[Items listed in a dataset]
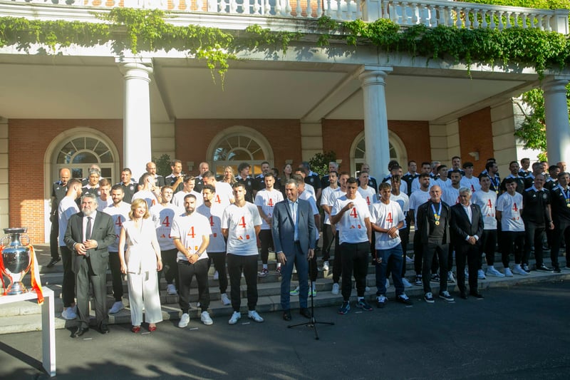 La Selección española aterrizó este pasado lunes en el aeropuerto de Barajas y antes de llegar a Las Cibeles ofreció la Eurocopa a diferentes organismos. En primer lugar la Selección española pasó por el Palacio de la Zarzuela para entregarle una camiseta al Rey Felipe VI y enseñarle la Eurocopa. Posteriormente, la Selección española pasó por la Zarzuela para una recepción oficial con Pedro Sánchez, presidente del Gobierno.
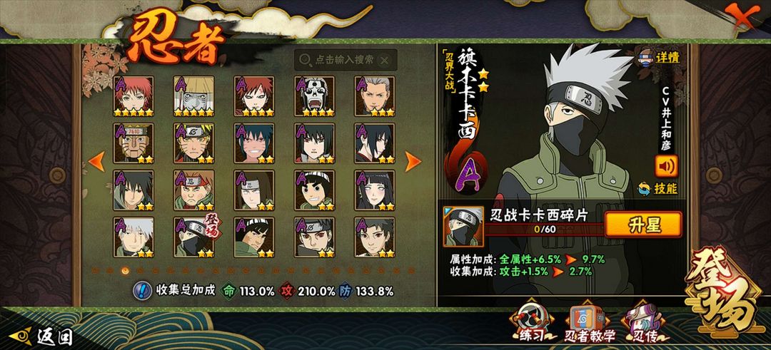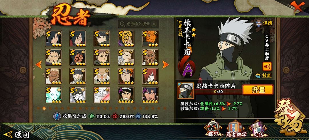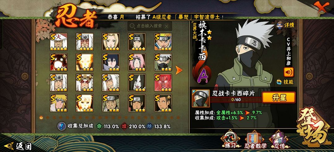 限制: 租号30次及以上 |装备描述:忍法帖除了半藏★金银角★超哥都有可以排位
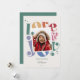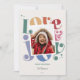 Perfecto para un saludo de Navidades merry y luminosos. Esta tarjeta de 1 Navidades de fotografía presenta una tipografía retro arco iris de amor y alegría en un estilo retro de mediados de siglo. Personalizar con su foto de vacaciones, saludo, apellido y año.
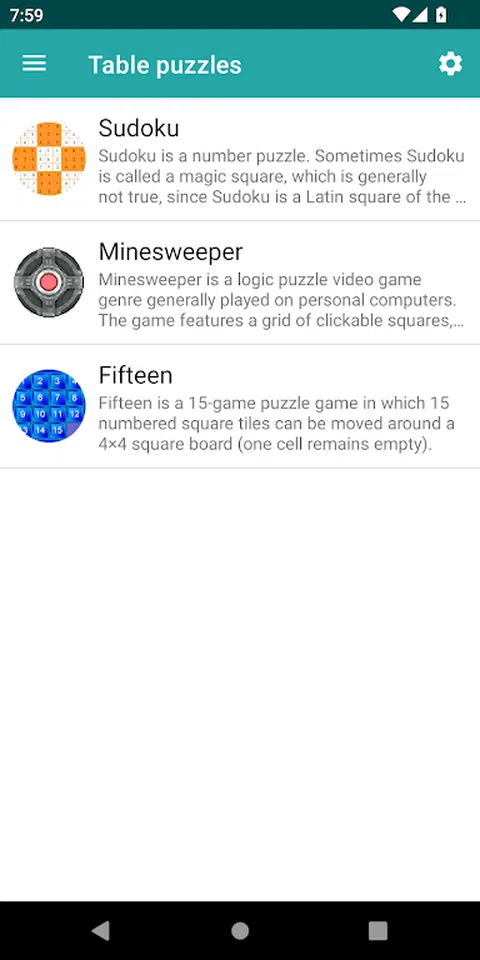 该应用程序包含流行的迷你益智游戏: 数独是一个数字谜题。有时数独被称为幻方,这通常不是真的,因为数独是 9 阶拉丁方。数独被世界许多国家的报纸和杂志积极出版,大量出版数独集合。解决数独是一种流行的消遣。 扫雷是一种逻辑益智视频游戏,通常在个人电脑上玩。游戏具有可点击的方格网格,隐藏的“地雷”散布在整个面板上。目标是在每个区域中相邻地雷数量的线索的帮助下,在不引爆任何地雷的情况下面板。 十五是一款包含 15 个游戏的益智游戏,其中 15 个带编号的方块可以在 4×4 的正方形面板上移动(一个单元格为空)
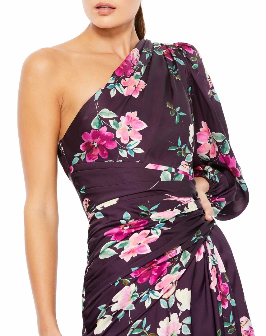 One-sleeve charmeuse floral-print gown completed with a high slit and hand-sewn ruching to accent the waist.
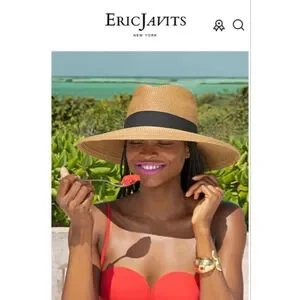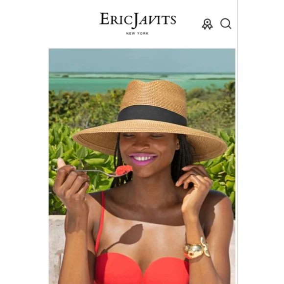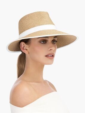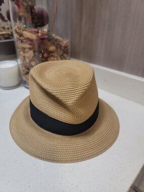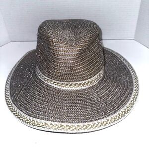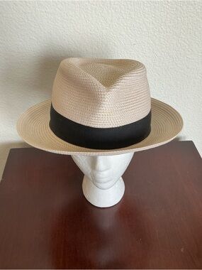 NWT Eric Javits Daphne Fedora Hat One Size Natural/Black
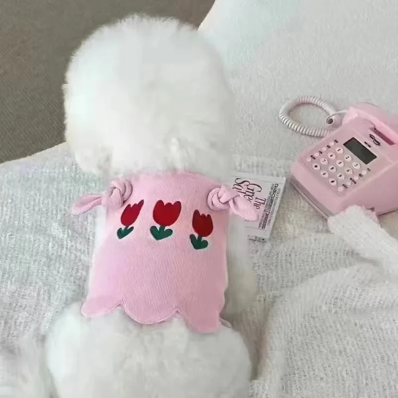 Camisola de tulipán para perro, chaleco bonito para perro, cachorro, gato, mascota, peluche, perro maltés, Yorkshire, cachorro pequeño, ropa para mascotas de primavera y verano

_TASK STATEMENT_: With the pictures left out, output all the entries exactly.

_YOUR SOLUTION_:
 La Selección española aterrizó este pasado lunes en el aeropuerto de Barajas y antes de llegar a Las Cibeles ofreció la Eurocopa a diferentes organismos. En primer lugar la Selección española pasó por el Palacio de la Zarzuela para entregarle una camiseta al Rey Felipe VI y enseñarle la Eurocopa. Posteriormente, la Selección española pasó por la Zarzuela para una recepción oficial con Pedro Sánchez, presidente del Gobierno.
 限制: 租号30次及以上 |装备描述:忍法帖除了半藏★金银角★超哥都有可以排位
 Perfecto para un saludo de Navidades merry y luminosos. Esta tarjeta de 1 Navidades de fotografía presenta una tipografía retro arco iris de amor y alegría en un estilo retro de mediados de siglo. Personalizar con su foto de vacaciones, saludo, apellido y año.
 该应用程序包含流行的迷你益智游戏: 数独是一个数字谜题。有时数独被称为幻方,这通常不是真的,因为数独是 9 阶拉丁方。数独被世界许多国家的报纸和杂志积极出版,大量出版数独集合。解决数独是一种流行的消遣。 扫雷是一种逻辑益智视频游戏,通常在个人电脑上玩。游戏具有可点击的方格网格,隐藏的“地雷”散布在整个面板上。目标是在每个区域中相邻地雷数量的线索的帮助下,在不引爆任何地雷的情况下面板。 十五是一款包含 15 个游戏的益智游戏,其中 15 个带编号的方块可以在 4×4 的正方形面板上移动(一个单元格为空)
 One-sleeve charmeuse floral-print gown completed with a high slit and hand-sewn ruching to accent the waist.
 NWT Eric Javits Daphne Fedora Hat One Size Natural/Black
 Camisola de tulipán para perro, chaleco bonito para perro, cachorro, gato, mascota, peluche, perro maltés, Yorkshire, cachorro pequeño, ropa para mascotas de primavera y verano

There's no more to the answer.